Human-AI Collaboration and Explainability for 2D/3D Registration Quality Assurance
Sue Min Cho, Alexander Do, Russell H. Taylor, Mathias Unberath
TL;DR
This paper tackles quality assurance for 2D/3D registration in image-guided surgery by introducing a learning-based QA model augmented with Grad-CAM explainability and conformal prediction. It systematically compares AI-only, Human-only, and two human-AI collaboration modes (with and without explanations), finding that collaboration improves sensitivity, precision, and specificity while reducing workload, and that explanations boost user understanding. The work demonstrates that explainable AI can meaningfully support human oversight in safety-critical tasks, though gains from XAI over non-explainable collaboration are modest and depend on design.
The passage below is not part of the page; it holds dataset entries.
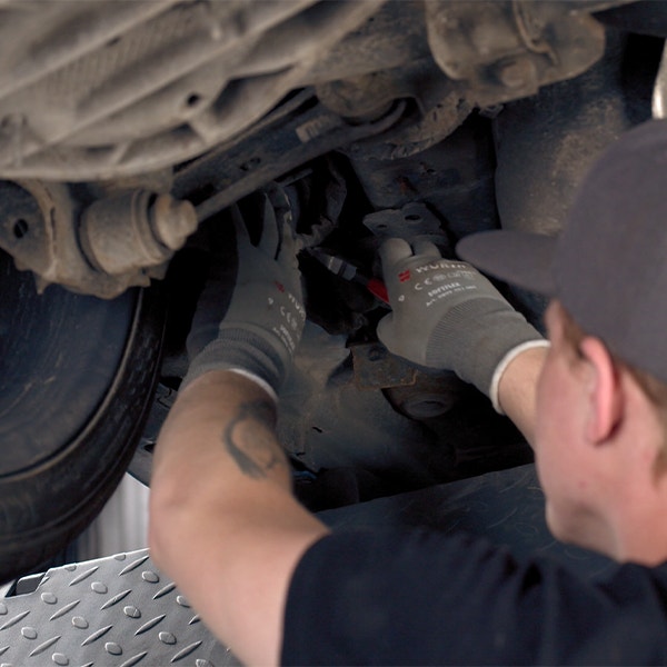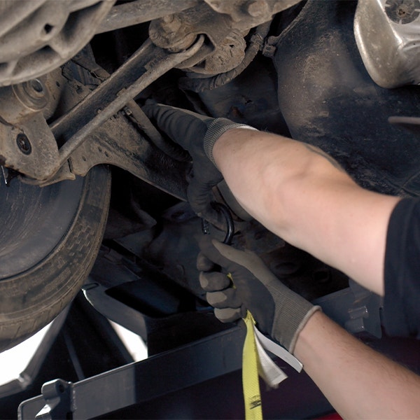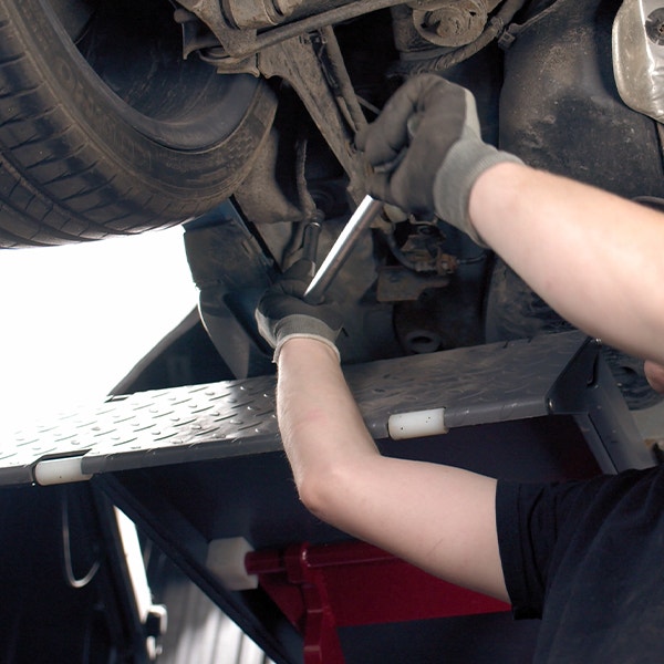 Börja med att lossa plastskyddet som sitter under bussningen.
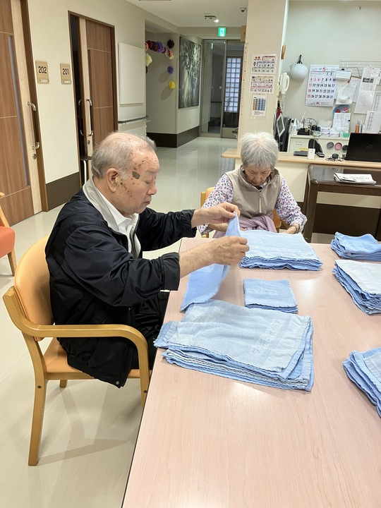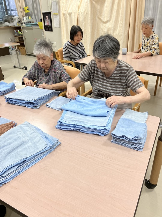 2025.06.01 活動報告 ≪2F≫ タオル畳み Tweet シェアする 皆でタオルを畳んでいる所です。 沢山のタオルも、皆でお話しながら畳むとあっという間に終わりますね。 いつも綺麗に畳んでくださってありがとうございます(^^) 優っくりグループホーム鎌田 永竹 前の記事 2025.06.01 活動報告 【1F】お散歩 次の記事 2025.06.01 活動報告 ≪3F≫ お散歩 一覧へ戻る
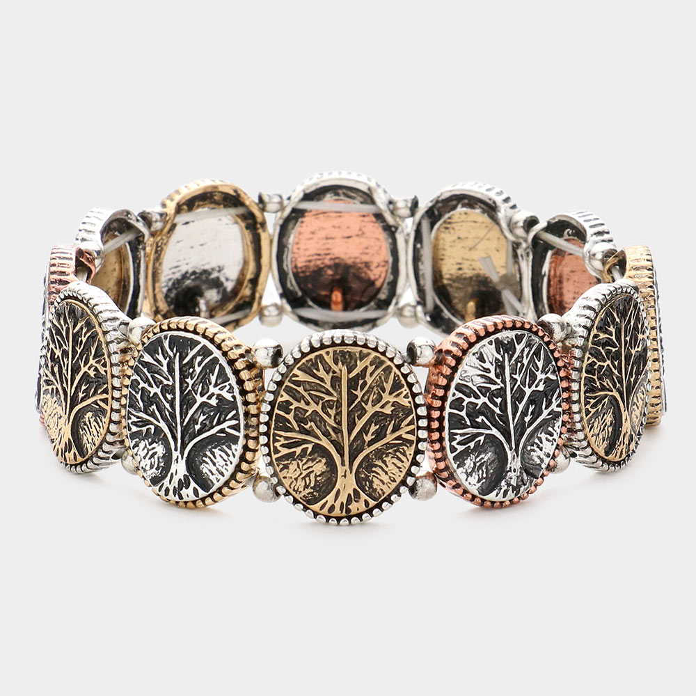 Stainless Steel Tree of Life Embossed Mother of Pearl Oval Charm Beaded Stretch Bracelet
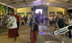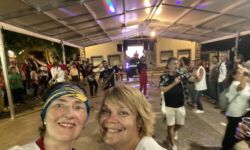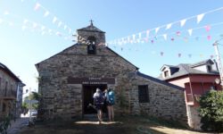 In der Kirche gibt es am frühen Abend eine Pilgermesse und ich treffe sogar den Frauenchor, der sich dafür extra schick gemacht hat. Anschließend spielt auf einer großen Bühne eine Band auf und dann eine weitere, die unten beim Publikum unter einem großen Zeltdach eine Art Volks-Rock-Pop a la Leningrad Cowboys spielt. Die Peregrinos und die Dorfbewohner tanzen wie verrückt und anstelle um spätestens zehn Uhr die Augen zu schließen, geht es bis in die Nacht hinein.
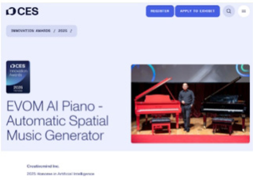 The AI piano (INFINIA) developed by domestic AI music technology company, CreativeMind Inc., won the AI Innovation Award at CES 2025.
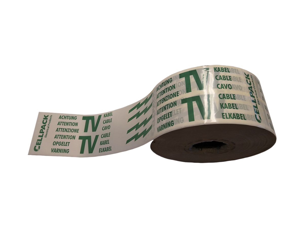 Warnband Cellpack, Polyethylen, Grund weiss, zum Schutz von Rohren und Kabeln im Erdreich, vor Beschädigungen durch Baumaschinen, Länge 250 m, Dicke 0.2 mm, Dehnung ≤ 400 %, Rolle, Achtung TV-Kabel
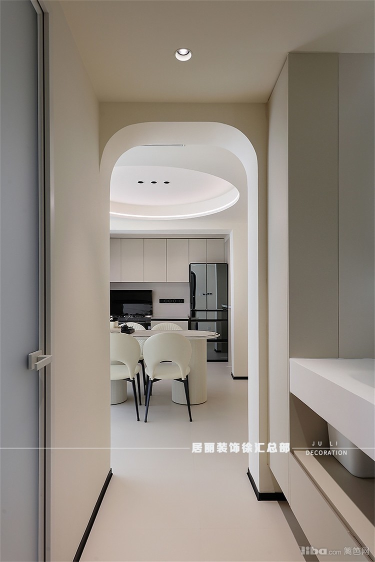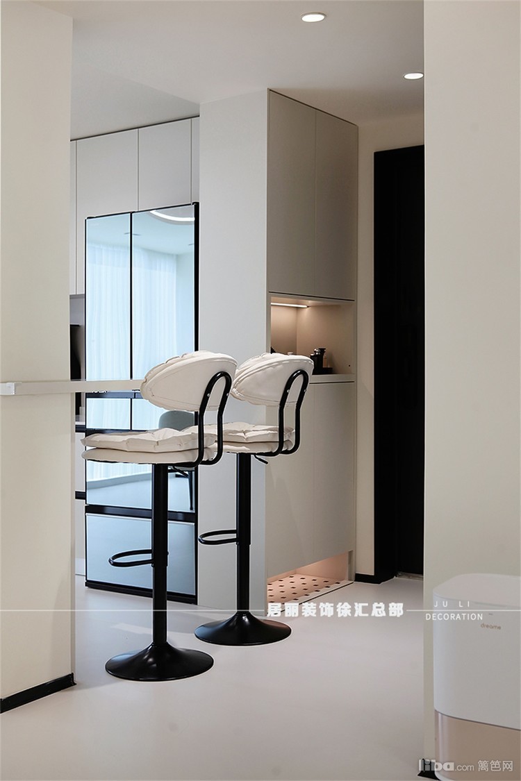 推门入户,左侧立见储物玄关柜与吧台相连,玄关柜中间镂空放物,底部留空方便换鞋,有效兼顾厨房隐私与实用性。
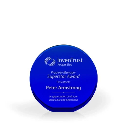 Brielle Blue Crystal Beveled Circle with Flat Bottom, Large
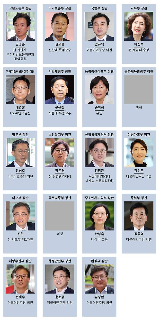이 대통령은 전체 19곳 정부 부처 가운데 17곳의 장관 후보자 인선을 발표했다(7월3일 기준, 〈사진〉 참조). 6월23일 국방부 장관에 안규백 더불어민주당 의원, 외교부 장관에 조현 전 외교부 제1차관, 통일부 장관에 정동영 더불어민주당 의원 등 총 10명을 지명했다. 윤석열 정부가 임명한 송미령 농림축산식품부 장관은 유임시키기로 했다. 6월29일에는 기획재정부 장관에 구윤철 서울대 경제학부 특임교수, 교육부 장관에 이진숙 전 충남대학교 총장, 법무부 장관에 정성호 더불어민주당 의원, 보건복지부 장관에 정은경 전 질병관리청장, 산업통상자원부 장관에 김정관 두산에너빌리티 마케팅 부문장(사장), 행정안전부 장관에 윤호중 더불어민주당 의원을 지명했다.
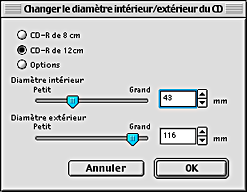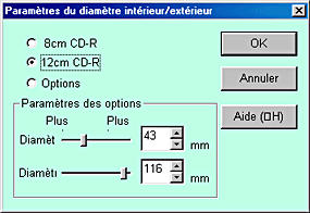 Cliquez sur Changer le diamètre intérieur/extérieur du CD dans le menu Fichier. La zone de dialogue Changer le diamètre intérieur/extérieur du CD s'ouvre.
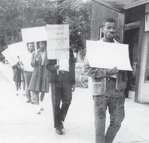 A protest against racial segregation at the Levon Theater, Enfield, N.C., in 1963. From The Nine O’Clock Whistle
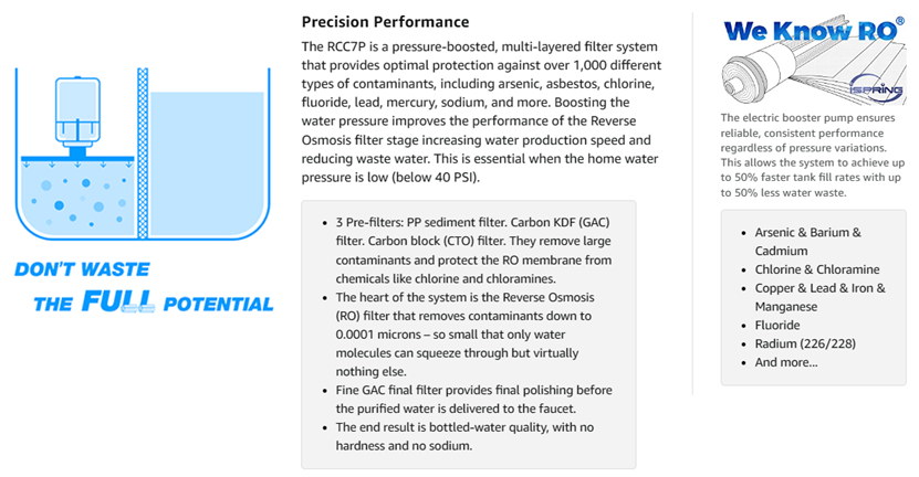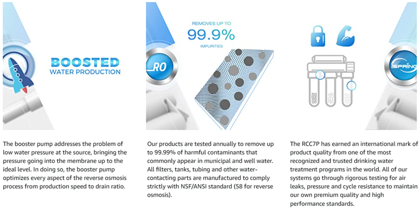 • Reverse Osmosis produces purified drinking water by pressurizing water molecules through RO membrane and leaving impurities out. The under sink water filter RCC7P’s extremely durable electric booster pump ensures high efficiency, reliable, and consistent RO system performance regardless of pressure variations; delivering higher throughput with less waste water in comparing to pump less models.

It lays a path for robust, human-centered QA in surgical navigation and suggests avenues for richer interaction, iterative explanations, and adaptive clinical thresholds. Overall, the study highlights how integrating interpretable AI with human judgment can enhance the reliability and efficiency of 2D/3D registration quality assurance in practice.
Abstract
Purpose: As surgery increasingly integrates advanced imaging, algorithms, and robotics to automate complex tasks, human judgment of system correctness remains a vital safeguard for patient safety. A critical example is 2D/3D registration, where small registration misalignments can lead to surgical errors. Current visualization strategies alone are insufficient to reliably enable humans to detect these misalignments, highlighting the need for enhanced decision-support tools. Methods: We propose the first artificial intelligence (AI) model tailored to 2D/3D registration quality assessment, augmented with explainable AI (XAI) mechanisms to clarify the model's predictions. Using both objective measures (e.g., accuracy, sensitivity, precision, specificity) and subjective evaluations (e.g., workload, trust, and understanding), we systematically compare decision-making across four conditions: AI-only, Human-only, Human+AI, and Human+XAI. Results: The AI-only condition achieved the highest accuracy, whereas collaborative paradigms (Human+AI and Human+XAI) improved sensitivity, precision, and specificity compared to standalone approaches. Participants experienced significantly lower workload in collaborative conditions relative to the Human-only condition. Moreover, participants reported a greater understanding of AI predictions in the Human+XAI condition than in Human+AI, although no significant differences were observed between the two collaborative paradigms in perceived trust or workload. Conclusion: Human-AI collaboration can enhance 2D/3D registration quality assurance, with explainability mechanisms improving user understanding. Future work should refine XAI designs to optimize decision-making performance and efficiency. Extending both the algorithmic design and human-XAI collaboration elements holds promise for more robust quality assurance of 2D/3D registration.